> [ACTIVITY]: All of the data, word for word and free of pictures, is the expected result.

> [GIVEN MATERIAL]:
----------
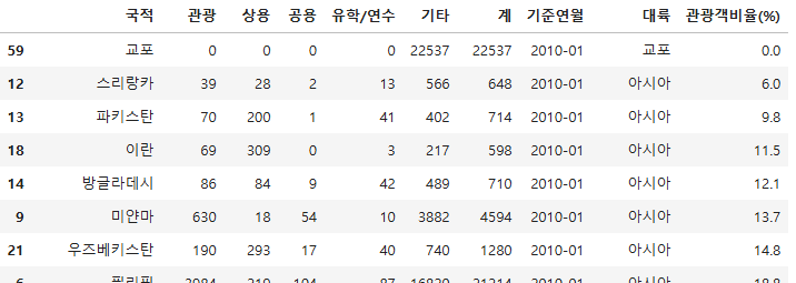 kto_201001_country = kto_201001[kto_201001["국적"].isin(continents_list) == False]
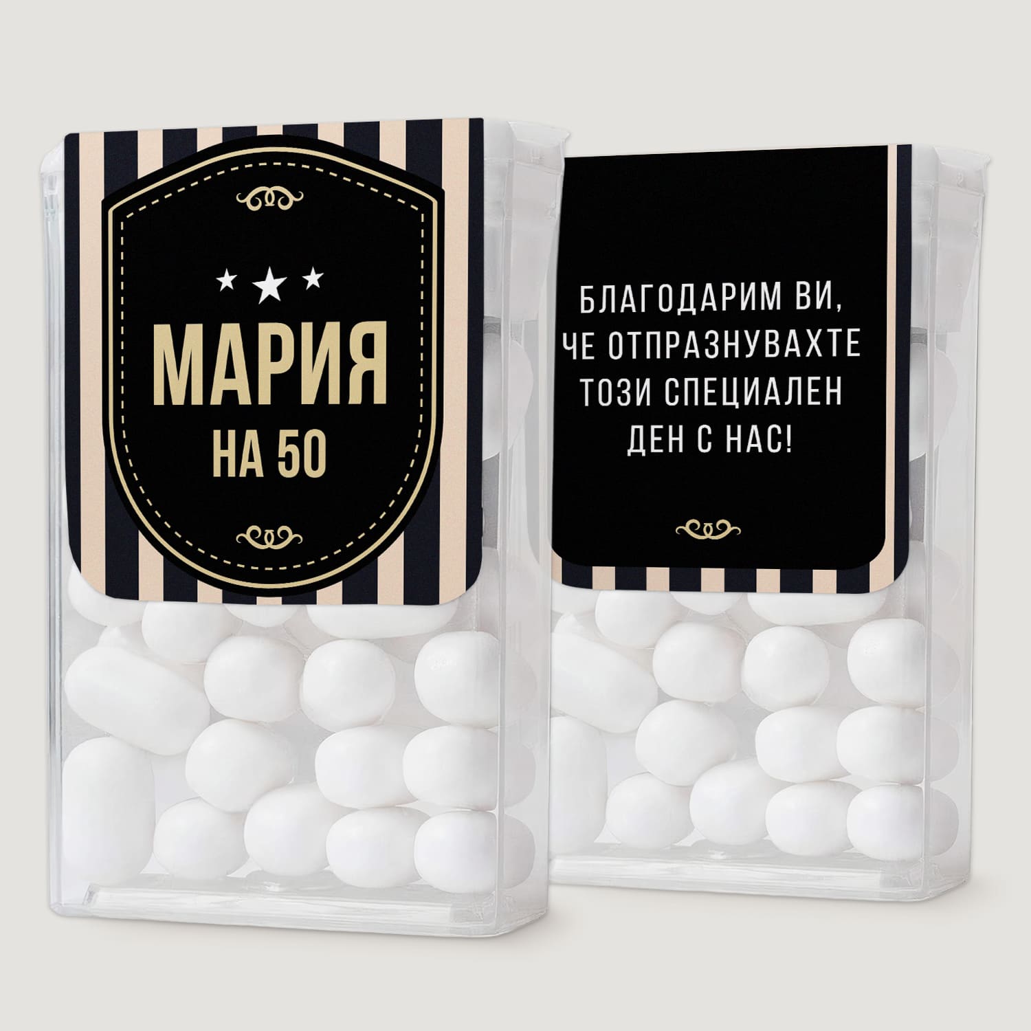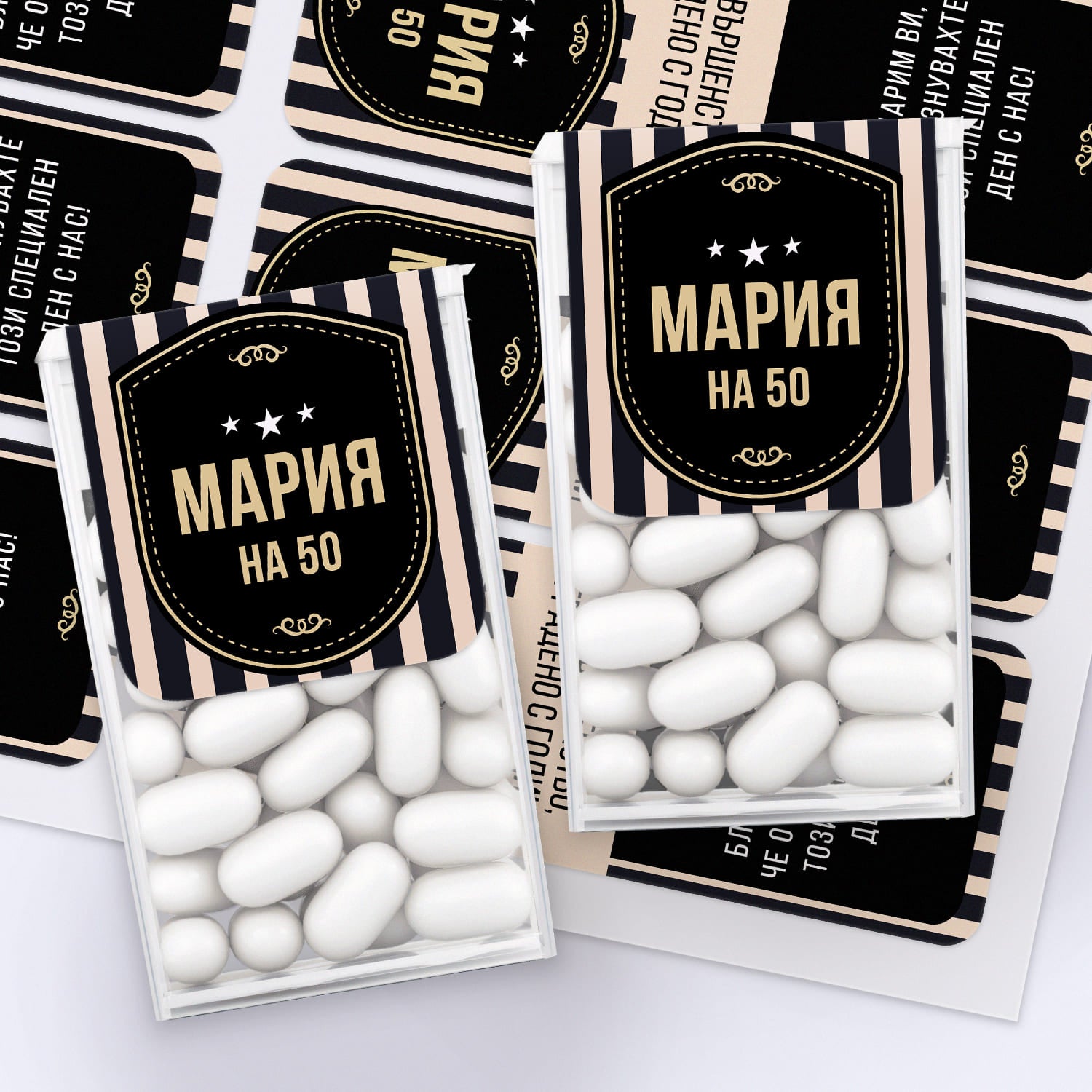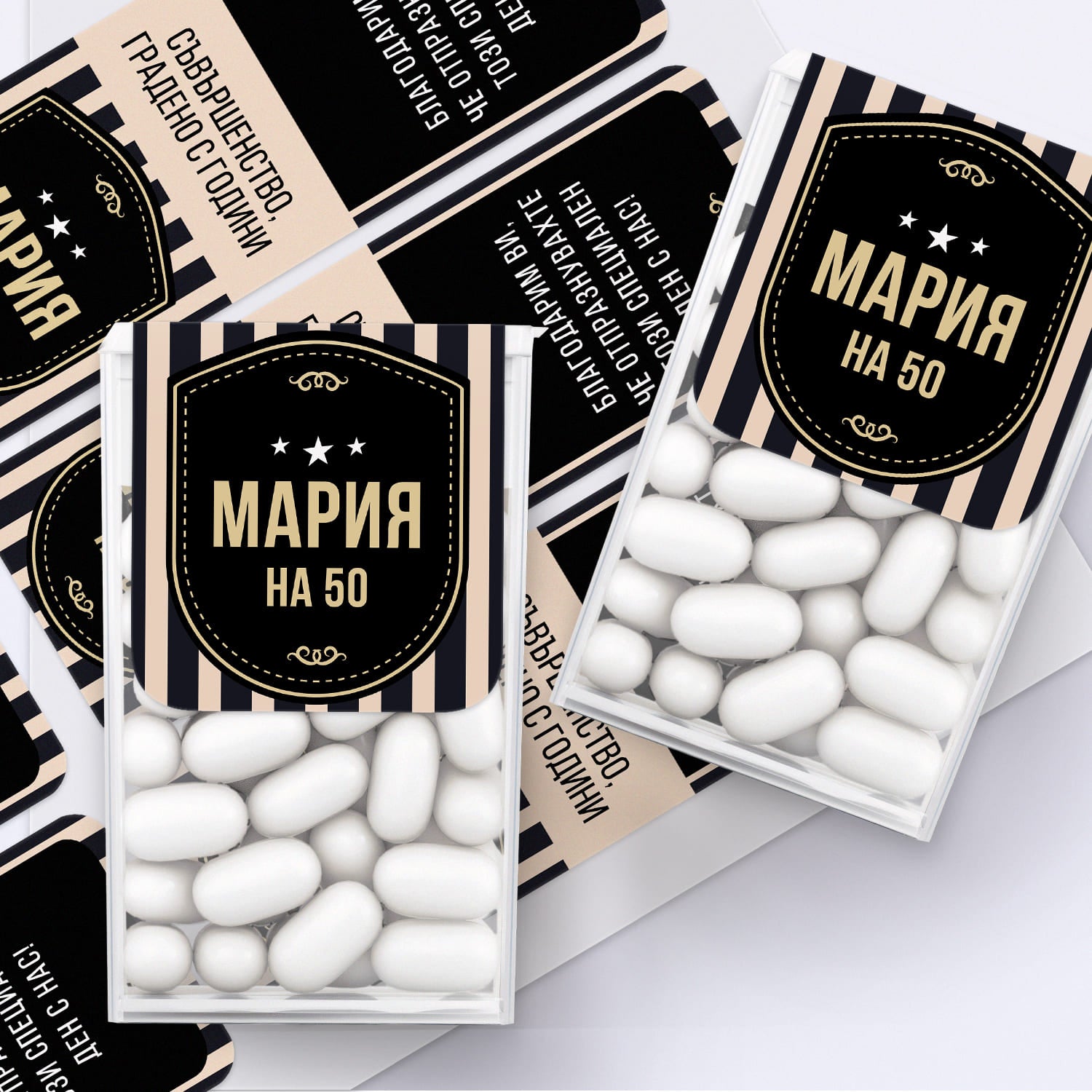 Продуктът включва само персонализирани етикети. Дражета и кутийка са само за визуализация.
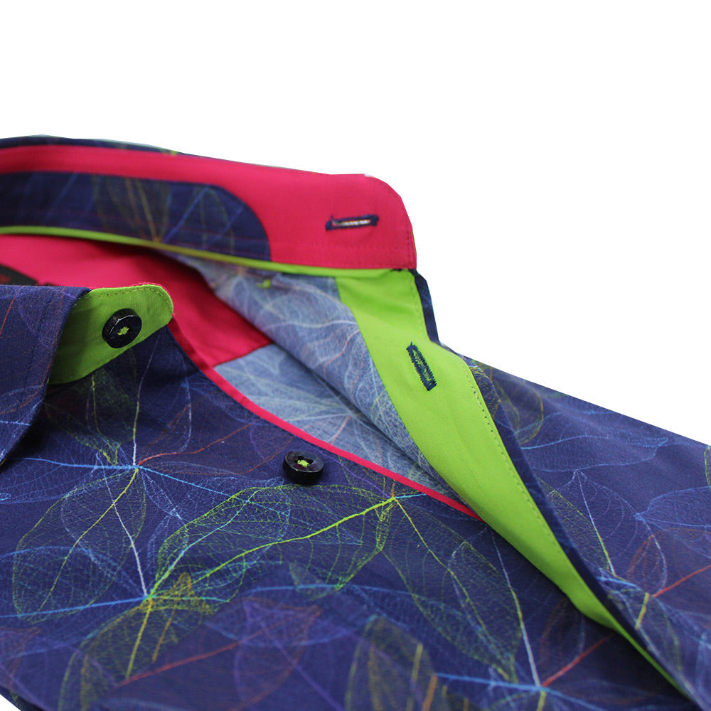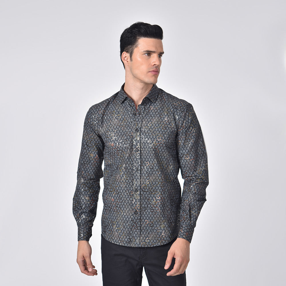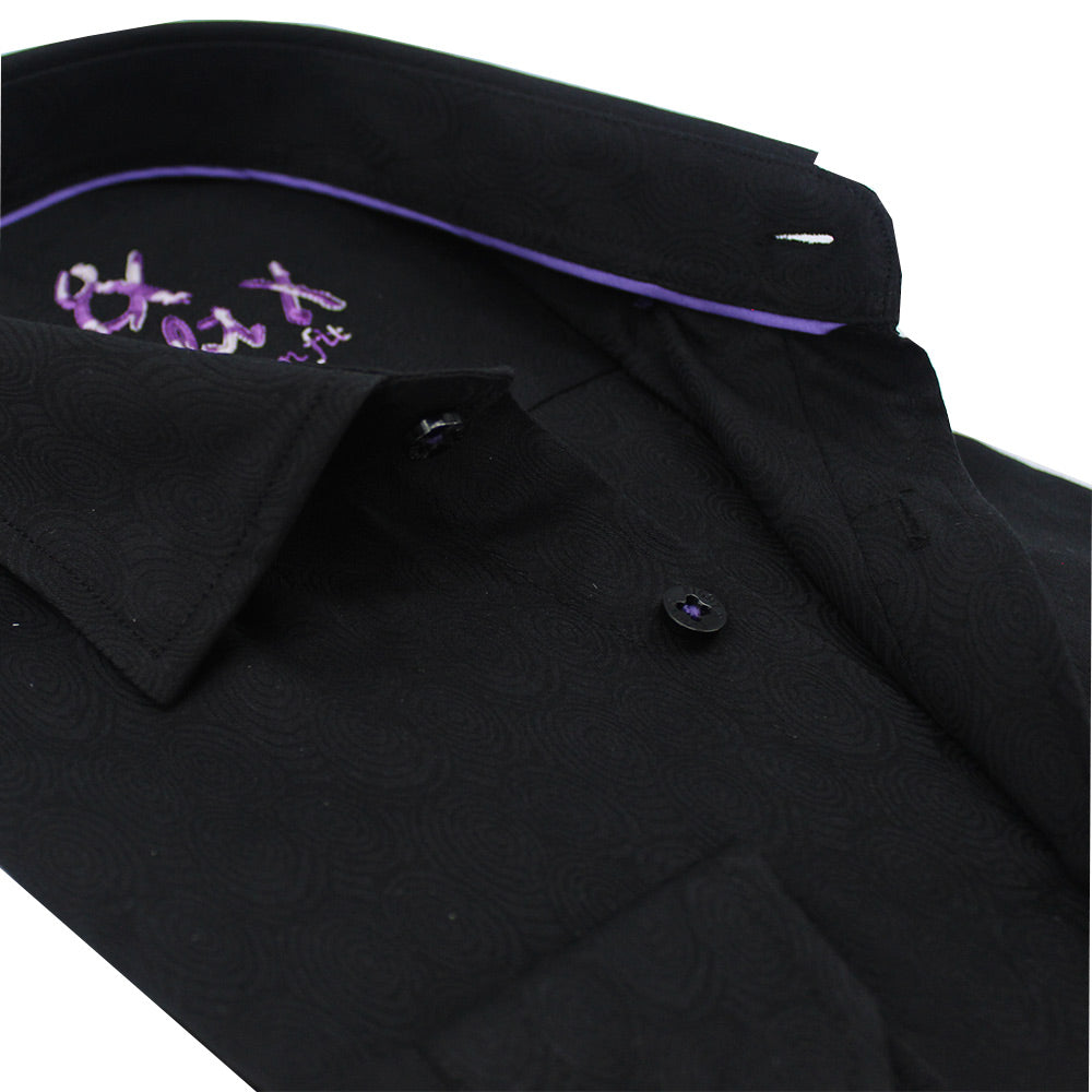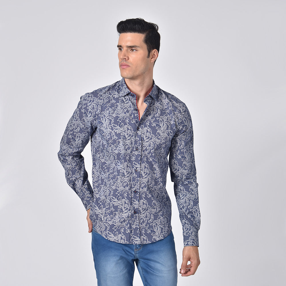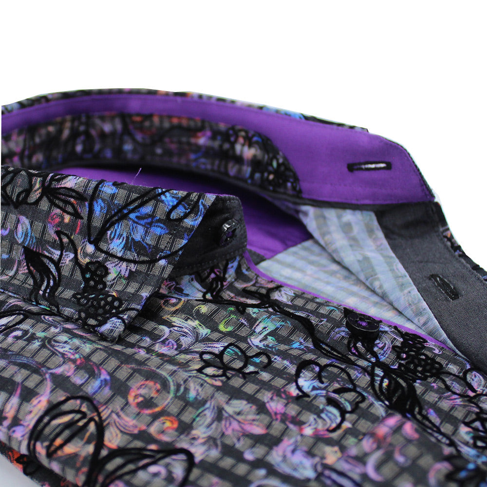 Grid and Vine Print Foil Jacquard Shirt With Burgundy Trim
----------
> [SOLUTION TO THE EXERCISE]:
 kto_201001_country = kto_201001[kto_201001["국적"].isin(continents_list) == False]
 Продуктът включва само персонализирани етикети. Дражета и кутийка са само за визуализация.
 Grid and Vine Print Foil Jacquard Shirt With Burgundy Trim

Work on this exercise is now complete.